Durante casi dos semanas este padre ansioso, un oficial menor de Herodes Antipas, había vagado por los límites occidentales de los dominios de Felipe buscando a Jesús, para pedirle que curara a su hijo afligido. Y no alcanzó al grupo apostólico hasta alrededor del mediodía de este día, mientras Jesús estaba en la montaña con los tres apóstoles.
      
Los nueve apóstoles se sorprendieron y se turbaron considerablemente cuando este hombre, acompañado por casi cuarenta personas que también buscaban a Jesús, llegó de pronto ante ellos. Al tiempo de la llegada de este grupo, los nueve apóstoles, por lo menos la mayoría de ellos, habían caído en su antigua tentación —la de discutir quién sería el más importante en el reino venidero; estaban muy ocupados en discutir las probables posiciones que serían asignadas a cada apóstol.

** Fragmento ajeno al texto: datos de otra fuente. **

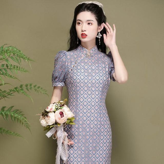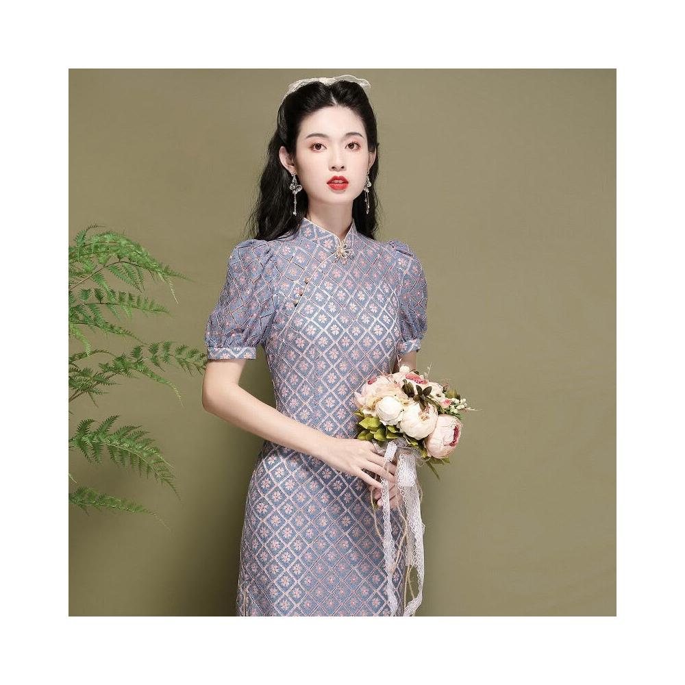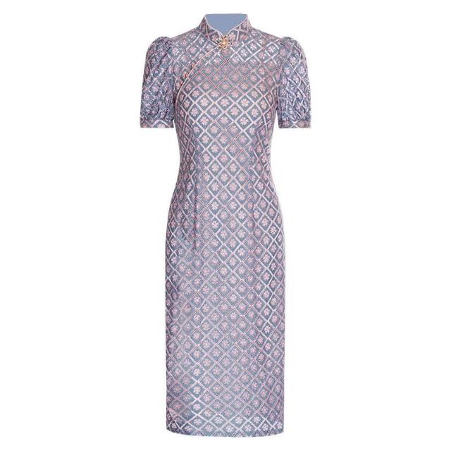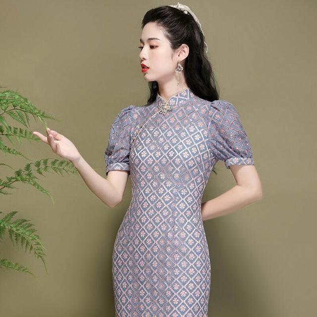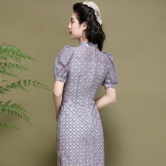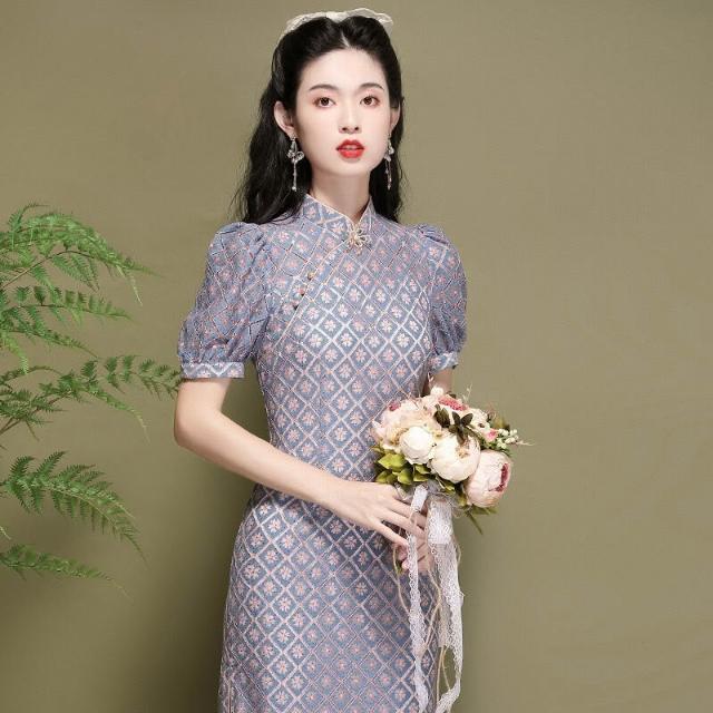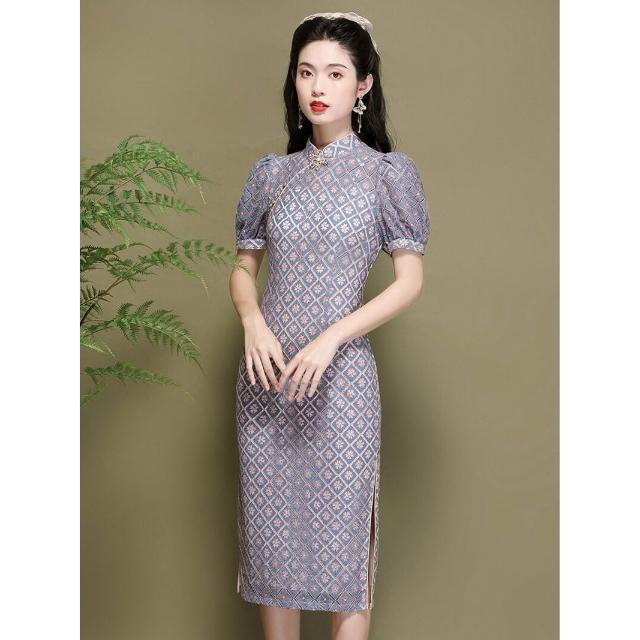含税 改良旗袍中國風燈籠袖氣質年輕款蕾絲顯瘦連衣裙220291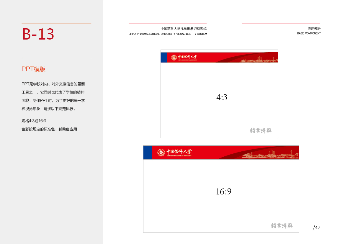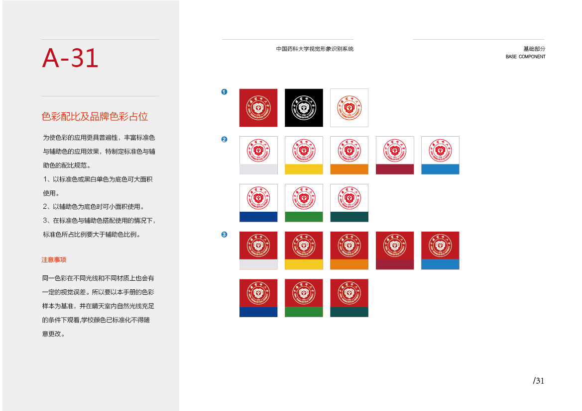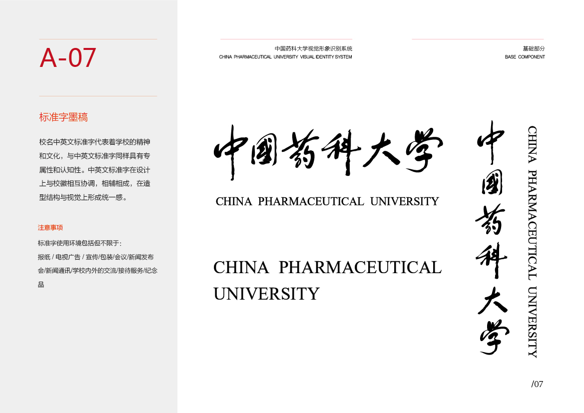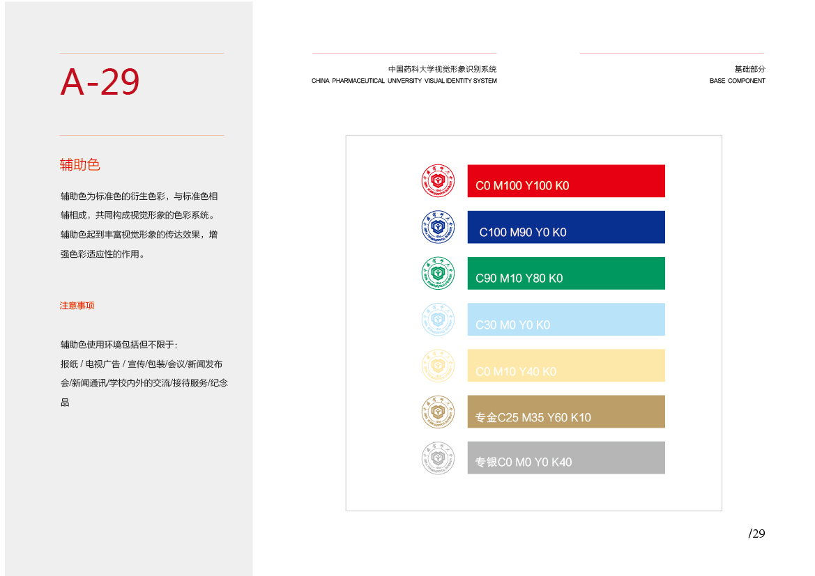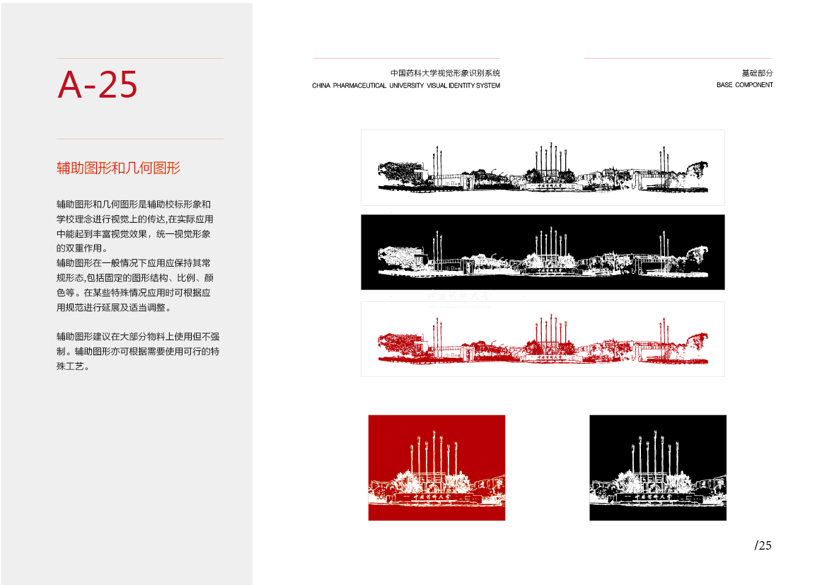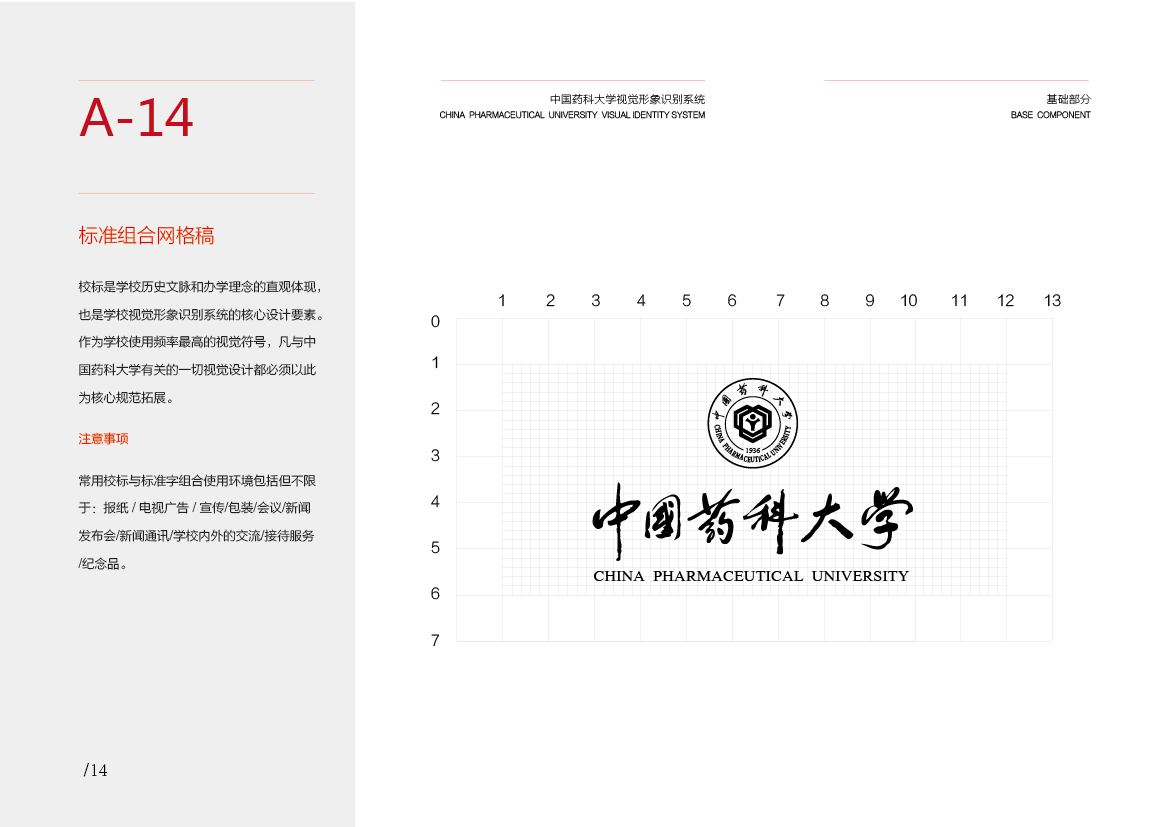 本系统内容分为基础系统和应用系统两大部分。其中基础系统包括校标、标准色、校名中英文标准字体及其组合等基本形象元素的规范性描述,各单位在使用中,应严格遵守。应用系统是基础系统在各个应用领域的使用规范总和,其中有关校标、标准字、标准色的用法也应严格遵守本系统相关规定,但本系统所列有关实际应用物品的形状、款式、材料、工艺等方案仅为示意,各单位在实际应用中可以根据具体情况酌情参考使用。

No conseguían liberarse completamente de la idea, largamente acariciada, de una misión material del Mesías. Ahora que Jesús mismo había aceptado la confesión de ellos de que él era realmente el Libertador —por lo menos había admitido el hecho de su divinidad— qué más natural para ellos que ponerse a hablar de esas esperanzas y ambiciones que tan importante lugar ocupaban en su corazón, durante este período de separación del Maestro. Estaban pues ocupados en estas conversaciones, cuando Santiago de Safad y los demás que buscaban a Jesús llegaron junto a ellos.
      
Andrés se adelantó para saludar a este padre y a su hijo, diciendo: «¿A quién buscáis?» Dijo Santiago: «Buen hombre, busco a vuestro Maestro. Busco curación para mi hijo afligido. Deseo que Jesús eche a este diablo que posee a mi niño». Acto seguido, el padre procedió a relatar a los apóstoles cómo estaba de afligido su hijo, que muchas veces estuvo a punto de perder la vida como resultado de estos ataques malignos.
     
Mientras los apóstoles escuchaban, Simón el Zelote y Judas Iscariote se acercaron al padre, diciendo: «Nosotros podemos curarlo; no necesitas esperar el regreso del Maestro. Somos los embajadores del reino; estos hechos ya no los mantenemos en secreto. Jesús es el Libertador, y nos han sido entregadas las llaves del reino». Andrés y Tomás se apartaron, consultándose. Natanael y los demás contemplaban la escena, pasmados; todos ellos estaban horrorizados por la súbita audacia, por no llamarle presunción, de Simón y Judas. Entonces dijo el padre: «Si os ha sido dado el poder de hacer estas obras, os ruego que digáis las palabras que liberen a mi hijo de esta esclavitud». Entonces Simón se adelantó y, colocando la mano sobre la cabeza del niño, lo miró fijo a los ojos y ordenó: «Sal de él, espíritu impuro; en nombre de Jesús, obedéceme». Pero el muchacho cayó en un ataque aún más violento, mientras los escribas se mofaban burlonamente de los apóstoles, y los creyentes desilusionados sufrían las burlas de estos críticos hostiles.
     
Andrés estaba apenado por este esfuerzo equivocado y su fracaso catastrófico. Llamó aparte a los apóstoles para conversar y orar. Después de esta temporada de meditación, sintiendo agudamente el ardor de la derrota y la humillación que caía sobre todos ellos, Andrés intentó nuevamente echar al demonio, pero sólo el fracaso respondió a sus esfuerzos. Andrés confesó francamente su derrota y solicitó que el padre se quedara allí durante la noche o hasta el retorno de Jesús, diciendo: «Tal vez esta clase de demonio no desaparece, a menos que se lo ordene personalmente el Maestro.
      
Así pues, mientras Jesús descendía de la montaña con los exuberantes y estáticos Pedro, Santiago y Juan, sus nueve hermanos tampoco podían conciliar el sueño, pues se debatían en la confusión y la humillación más deprimente. Formaban un grupo descorazonado y abatido. Pero Santiago de Safad no se dio por vencido. Aunque no le podían decir cuándo volvería Jesús, decidió quedarse allí hasta que el Maestro regresara.